Арест для любого человека – это, прежде всего, страх. И это не только страх перед наказанием. И это не только застывшие от тоски глаза мамы. И это не только косые взгляды соседей, с нездоровым любопытством перешептывающихся у подъезда. Одна мысль о том, что тебя, еще совсем недавно свободного, сажают в клетку, способна разорвать твою душу на части, как взрыв тело.

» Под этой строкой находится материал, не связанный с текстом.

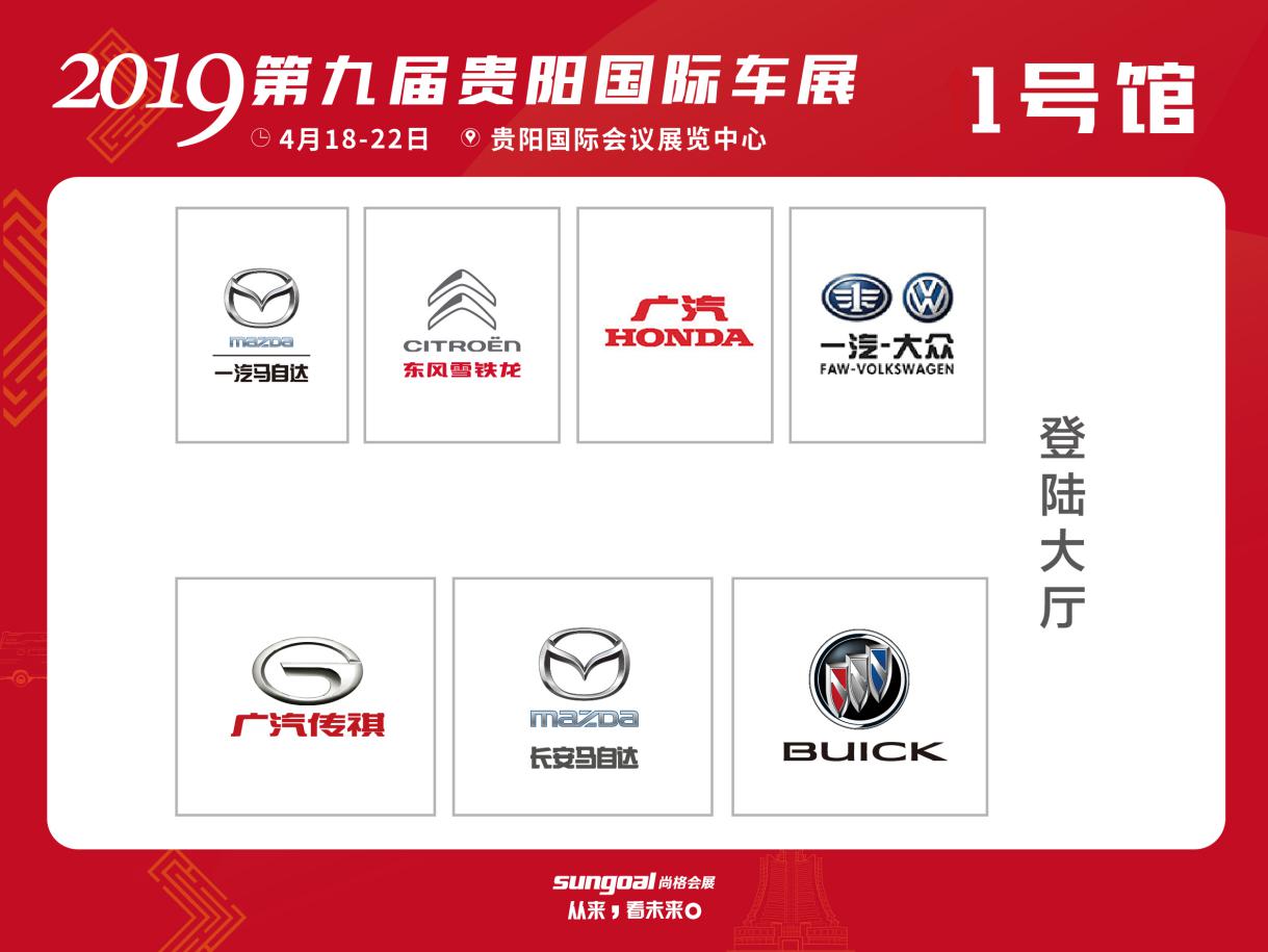 1號(hào)館(按順時(shí)針方向):一汽馬自達(dá)、東風(fēng)雪鐵龍、廣汽本田、一汽大眾、別克、長(zhǎng)安馬自達(dá)廣汽傳祺
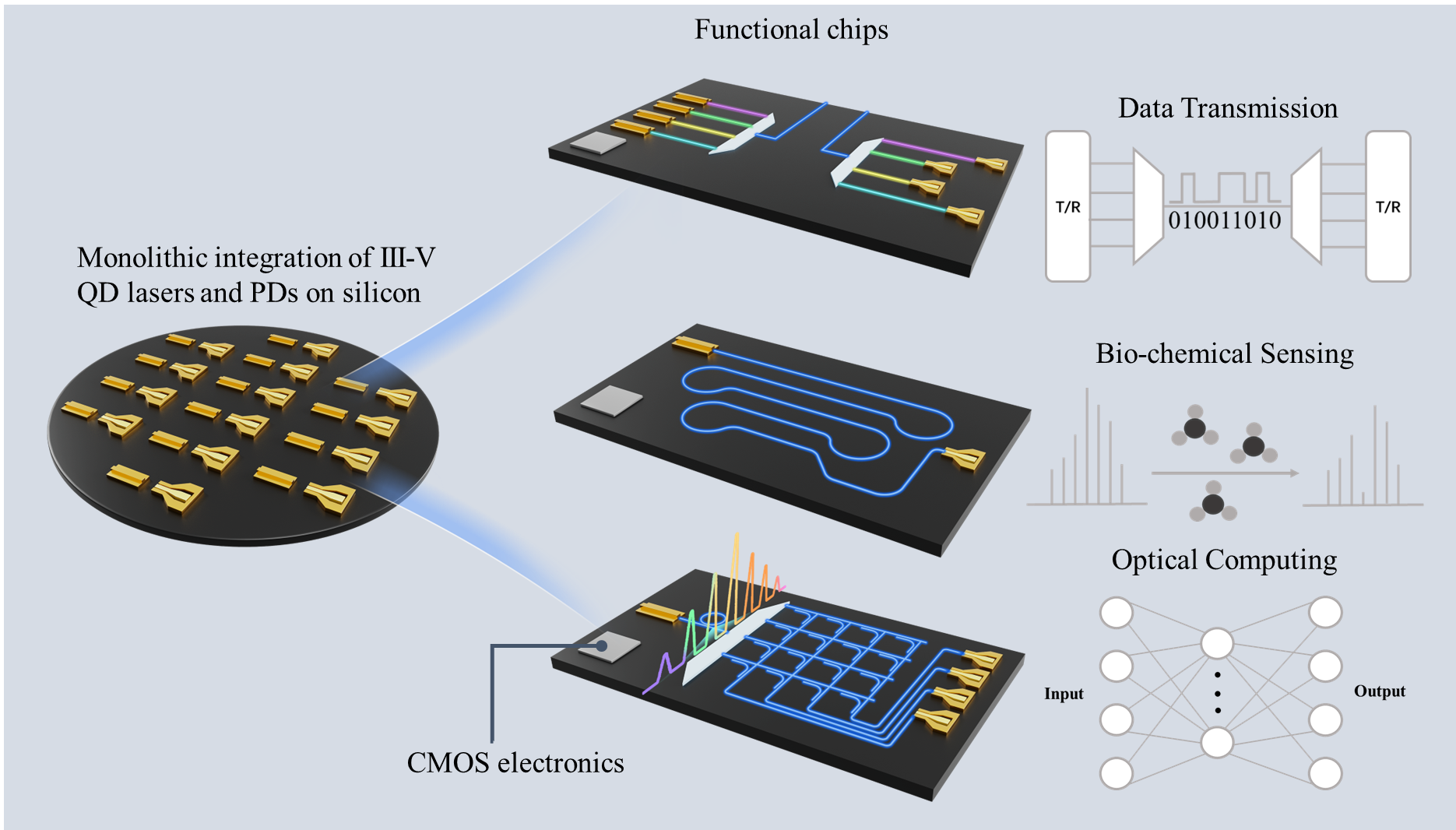 圖1 具備豐富功能的大規(guī)模硅基片上集成量子點(diǎn)光互聯(lián)系統(tǒng)
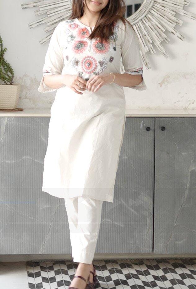 Off White Embroidered Cotton Flex Kurta and Pant Set

«Самое главное в нашей «творческой» жизни – это даже не суд, а арест, – как-то сказал мне Боря. – В любой момент, Михай, надо быть готовым к аресту… Это здесь… – обвел он взглядом обтянутый колючкой периметр зоны, – все задним числом самые умные сидят. Менты тоже далеко не фраера и не дурней нас, «умных»! У них в руках дубина, называемая «Закон»! А это сила, которая может так размазать, что мало не покажется! Хороший следак знает, что человек в момент ареста испытывает… И потому в первые дни старается чем угодно и как угодно выбить из него показания. Он, Михай, знает, – с тоской посмотрел он на курлыкающий над зоной клин журавлей, – что это потом человек опомнится и вместо своих эмоций начнет думать своей головой… Но пока начнет думать, смотришь, а дров уже «накосил»! Слово, оно ведь, что птица вольная, – вздохнул он. – Ляпнешь, и тю-тю! Потому иногда не вредно подумать о том, что следаку гнать будешь».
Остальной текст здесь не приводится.